The exact lines of the listing, from its first through the line that contains "切尔西在欧冠中3-0完胜巴萨", are to make up the answer, and pictures are to be left out.

__Collected material__.
---

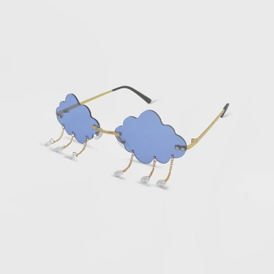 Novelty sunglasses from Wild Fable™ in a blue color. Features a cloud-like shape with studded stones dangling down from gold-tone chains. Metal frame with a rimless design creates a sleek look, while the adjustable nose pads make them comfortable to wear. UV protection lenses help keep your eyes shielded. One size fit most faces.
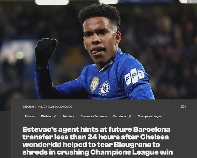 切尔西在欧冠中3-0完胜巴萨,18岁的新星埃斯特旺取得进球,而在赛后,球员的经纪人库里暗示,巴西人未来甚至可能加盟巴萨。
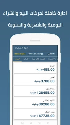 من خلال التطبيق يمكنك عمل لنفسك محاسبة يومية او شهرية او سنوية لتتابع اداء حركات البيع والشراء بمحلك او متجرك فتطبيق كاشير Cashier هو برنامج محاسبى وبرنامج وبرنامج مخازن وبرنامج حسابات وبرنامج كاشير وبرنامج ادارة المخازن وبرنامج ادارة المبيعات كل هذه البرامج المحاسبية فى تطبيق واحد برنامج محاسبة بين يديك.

---

__Answer box__.
 Novelty sunglasses from Wild Fable™ in a blue color. Features a cloud-like shape with studded stones dangling down from gold-tone chains. Metal frame with a rimless design creates a sleek look, while the adjustable nose pads make them comfortable to wear. UV protection lenses help keep your eyes shielded. One size fit most faces.
 切尔西在欧冠中3-0完胜巴萨,18岁的新星埃斯特旺取得进球,而在赛后,球员的经纪人库里暗示,巴西人未来甚至可能加盟巴萨。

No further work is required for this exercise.